• What needs to be done: Could you set down the lines below, from the one containing "河北省气象台2022年08月18日11时发布天气预报" through the final line, exactly as written?

• Records shown:
>>>>>

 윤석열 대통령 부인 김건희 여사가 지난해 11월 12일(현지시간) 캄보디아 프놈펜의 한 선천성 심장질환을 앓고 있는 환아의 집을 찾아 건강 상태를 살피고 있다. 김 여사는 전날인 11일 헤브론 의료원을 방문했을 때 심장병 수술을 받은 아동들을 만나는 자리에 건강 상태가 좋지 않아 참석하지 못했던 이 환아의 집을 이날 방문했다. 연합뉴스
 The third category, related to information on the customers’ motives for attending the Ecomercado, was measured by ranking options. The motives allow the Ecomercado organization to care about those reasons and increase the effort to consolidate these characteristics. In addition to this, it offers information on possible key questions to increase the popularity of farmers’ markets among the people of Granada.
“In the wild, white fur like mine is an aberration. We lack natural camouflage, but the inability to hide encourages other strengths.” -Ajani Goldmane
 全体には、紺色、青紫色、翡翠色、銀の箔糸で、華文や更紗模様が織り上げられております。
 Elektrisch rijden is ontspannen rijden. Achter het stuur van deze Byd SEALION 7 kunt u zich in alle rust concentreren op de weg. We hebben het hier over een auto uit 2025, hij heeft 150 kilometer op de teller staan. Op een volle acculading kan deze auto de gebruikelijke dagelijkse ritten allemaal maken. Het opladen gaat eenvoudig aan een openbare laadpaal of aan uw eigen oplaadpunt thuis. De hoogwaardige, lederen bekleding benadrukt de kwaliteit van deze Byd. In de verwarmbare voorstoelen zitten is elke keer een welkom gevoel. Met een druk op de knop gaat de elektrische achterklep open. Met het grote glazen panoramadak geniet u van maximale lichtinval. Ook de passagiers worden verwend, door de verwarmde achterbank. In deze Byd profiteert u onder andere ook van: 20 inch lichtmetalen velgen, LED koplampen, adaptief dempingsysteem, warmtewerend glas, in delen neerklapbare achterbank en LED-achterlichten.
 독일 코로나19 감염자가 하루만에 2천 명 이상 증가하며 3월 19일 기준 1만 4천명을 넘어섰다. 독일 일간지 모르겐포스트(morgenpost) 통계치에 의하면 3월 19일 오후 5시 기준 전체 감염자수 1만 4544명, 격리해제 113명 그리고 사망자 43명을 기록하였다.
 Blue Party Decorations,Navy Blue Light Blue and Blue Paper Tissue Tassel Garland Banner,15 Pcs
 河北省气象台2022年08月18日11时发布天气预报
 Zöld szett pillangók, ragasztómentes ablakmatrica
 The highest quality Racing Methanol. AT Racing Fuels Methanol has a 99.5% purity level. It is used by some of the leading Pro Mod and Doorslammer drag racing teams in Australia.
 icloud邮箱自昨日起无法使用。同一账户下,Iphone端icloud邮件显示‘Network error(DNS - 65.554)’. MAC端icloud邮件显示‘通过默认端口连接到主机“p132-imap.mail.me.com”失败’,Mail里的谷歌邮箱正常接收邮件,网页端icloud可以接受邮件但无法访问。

<<<<<

• Solved problem:
 河北省气象台2022年08月18日11时发布天气预报
 Zöld szett pillangók, ragasztómentes ablakmatrica
 The highest quality Racing Methanol. AT Racing Fuels Methanol has a 99.5% purity level. It is used by some of the leading Pro Mod and Doorslammer drag racing teams in Australia.
 icloud邮箱自昨日起无法使用。同一账户下,Iphone端icloud邮件显示‘Network error(DNS - 65.554)’. MAC端icloud邮件显示‘通过默认端口连接到主机“p132-imap.mail.me.com”失败’,Mail里的谷歌邮箱正常接收邮件,网页端icloud可以接受邮件但无法访问。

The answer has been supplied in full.